6.4 Interesting observations
6.4.1 Gemmatimodates
D_0__Bacteria;D_1__Gemmatimonadetes;D_2__PAUC43f marine benthic group;D_3__uncultured bacterium;D_4__uncultured bacterium;D_5__uncultured bacterium
This taxon is a major player in coastal column 2 (up to 30%) and also shows up in top two layers of inland sample, making up 2-7% of the community. The actual sequences have only a partial overal (mostly different OTUs). This is a Class-level taxon, so the underlying sequences themselves might be quite different, there is not way to tell without deeper phylogenetic analysis. This clearly shows a marine influence on the inland sites. Other parallels might exist. Especially interesting would be other clearly marine taxa being found to lesser degrees in the inland site.
Hypothesis
Coastal site 2 is closer to the inland site than coastal site 1. Phylogeny of inland site PAUC43f is close to coastal site 2.
Additionally, there appears to be a correlation between PAUC43F and Halobacteria (an Archael class)
gem.halo <- read.csv("analysis/PAUC43.halobacteria.csv")
library(ggplot2)
ggplot(gem.halo, aes(x=PAUC43f, y=Halobacteria)) + geom_point()The pattern is not as striking when plotted perhaps, but is worthy of mathematical analysis.
6.5 Additional observations
casual observations on particular taxa, fishing for stories
6.5.1 Herbaspirillum
Found almost exclusively in the coastal sites and is a major player in most samples
6.5.2 Escherichia-Shigella
Found almost exclusively in inland site, 5% in two of the samples, maybe indicates fecal influence?
6.5.3 Alcanivorax
Found in uppermost layer of inland site and throughout coastal site 1. Generally considered a marine bacterium. Perhaps another instance of marine influence
6.5.4 Acinetobacter
Same OTUs are found at all sites
6.5.5 Pseudomonas
Very important in coastal sites but largely irrelevant inland.

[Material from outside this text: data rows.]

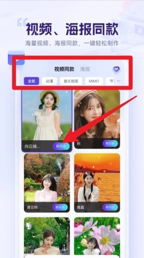 2. 前往「视频同款」板块,点击心仪的模板,就能一键导入视频和图片内容,创作出高质量作品。
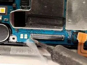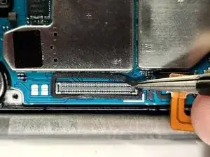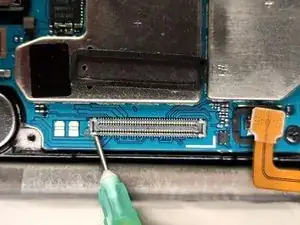 Используйте флюс и паяльник, чтобы перепаять первый контакт FPC на материнской плате.
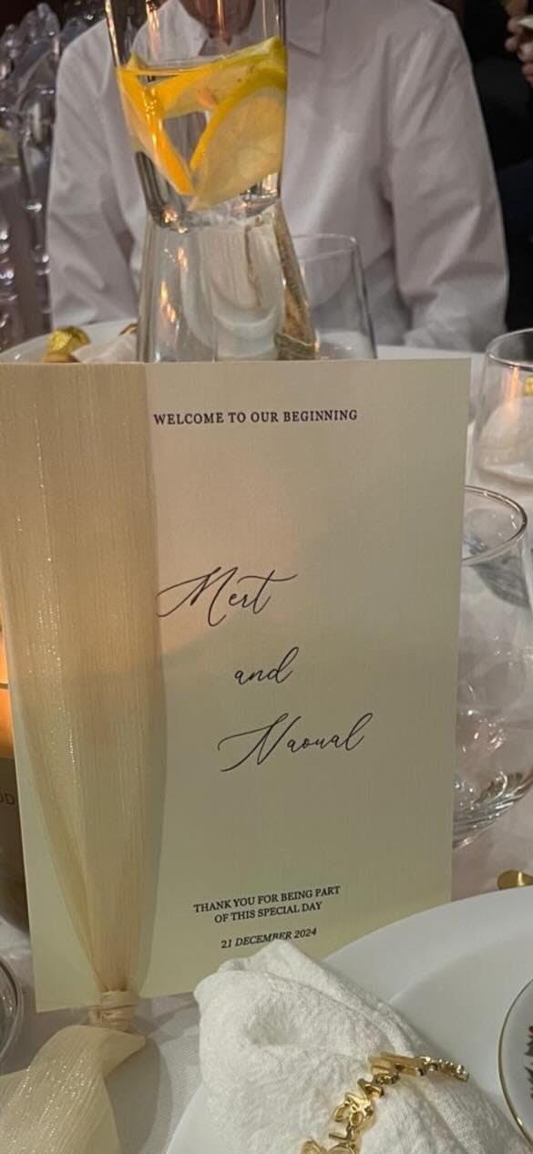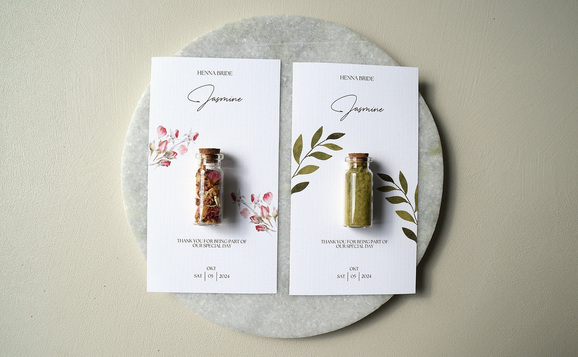 This unique place card from the Safha of Henna collection is a real eye-catcher. A small glass bottle filled with fine henna powder or organic henna leaves is attached to the center. A subtle nod to the meaningful henna traditions.
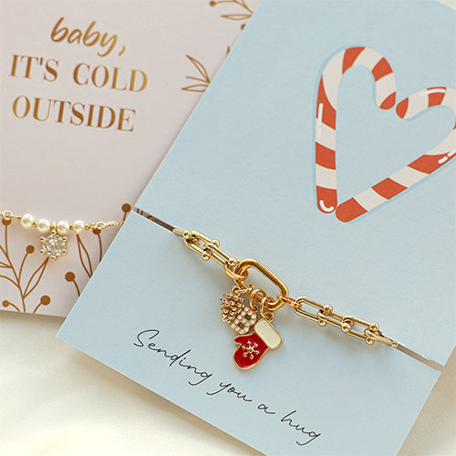 • Tarjetas para joyería "Baby, it's cold outside" Rosa claro
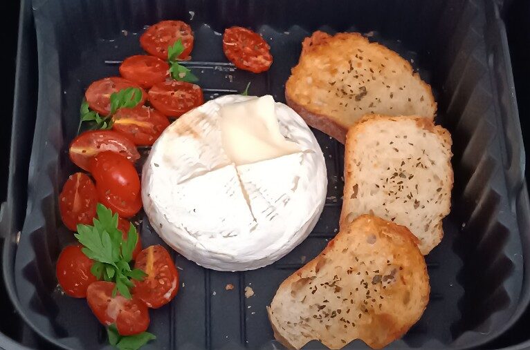 To danie to idealne połączenie prostoty, smaku i elegancji. Zapiekany Camembert to klasyka francuskiej kuchni w szybkim, nowoczesnym wydaniu dzięki użyciu air fryera. Roztopiony, kremowy środek sera połączony z lekko skarmelizowanymi pomidorkami koktajlowymi i aromatycznym czosnkiem tworzy niesamowicie apetyczne połączenie. Całość dopełnia chrupiące pieczywo – idealne do maczania w gorącym serze.
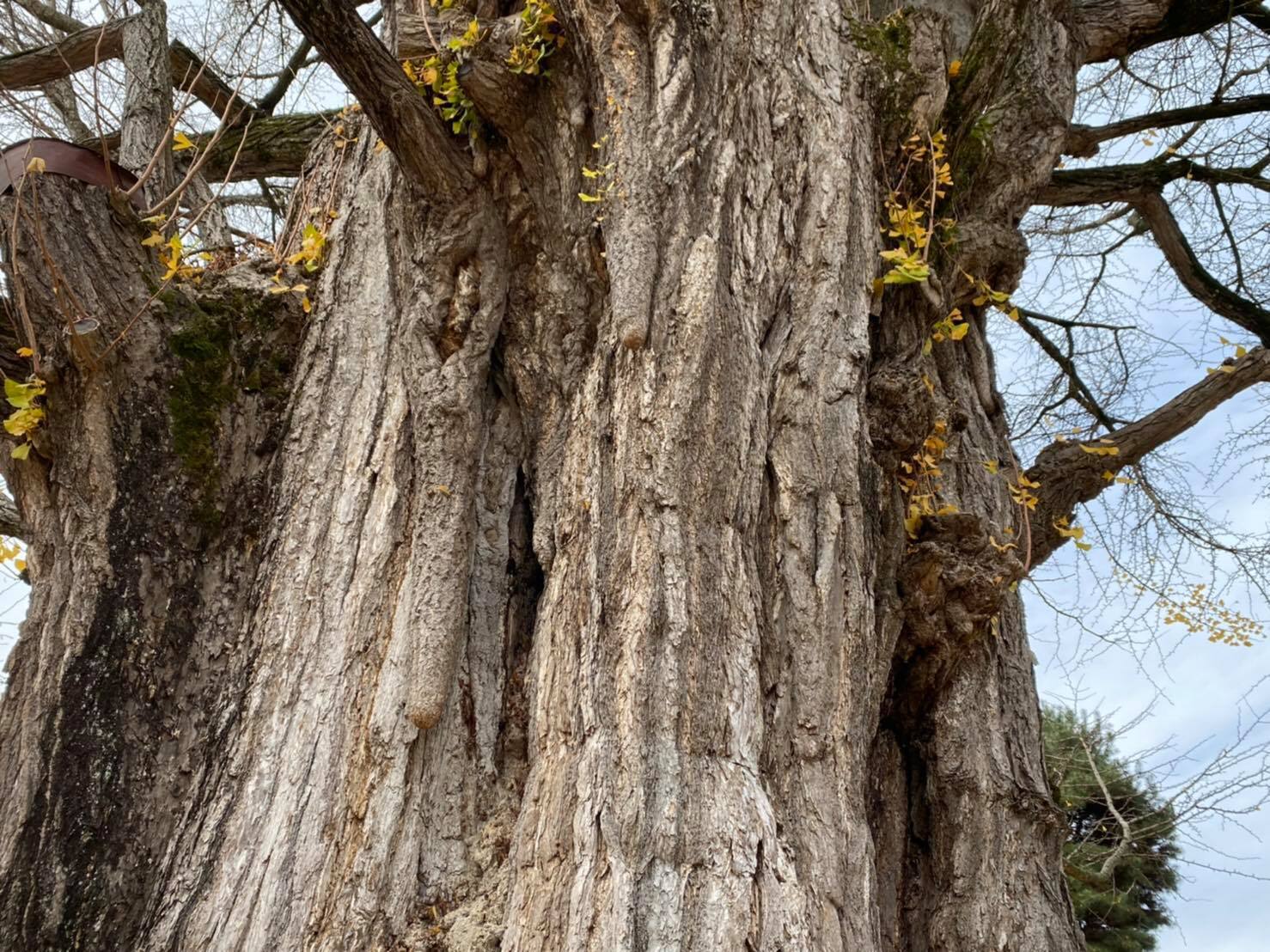 樹齢1250年、高さ28メートルにも及ぶ大きな大きなイチョウの木。国指定の天然記念物でもあります。木には気根(きこん/地中ではなく、空中に露出している根っこ)が多数見られ、その形状が乳の形に似ていることから、いつしか「乳(ちち)の木」や「乳(ちち)イチョウ」とも呼ばれるようになりました。

6.5.6 Staphylococcus and Streptococcus
Both are very important in inland sites only, although same OTUs are found across the inland sites
6.5.7 Lawsonella
Two OTUs are imporant in inland sites 4 and 6 and also found throughout the coastal sites
6.5.8 Corynebacterium
one OTU imporant in inland sites 2 and 4 and also throughout coastal sites
6.5.9 Acetothermia
Found at inland sites 1,2,3 and at low numbers coastal, but different OTUs
6.5.10 Hadesarchaeota
Entirely unique to the inland site, especially top two depths
6.5.11 Halobacteria
Enormous diversity, important coastal, not present inland
7 OTU tables
Provided in data packet (not shown here)
8 Conclusions/future work
- We should consider finding a way to filter out chloroplasts at some point in the analysis. This does not inform the community analysis, might actually dominate one of the axes of ordination.
- There is a way to pull out sub-communities, to see which taxa correlate with particular axes of variation. I don’t know how to do this though, its worth looking into perhaps? We could more easily find the “core community” among the sites represented by the left-side clustering of samples on axis 1 in the weighted unifrac ordination.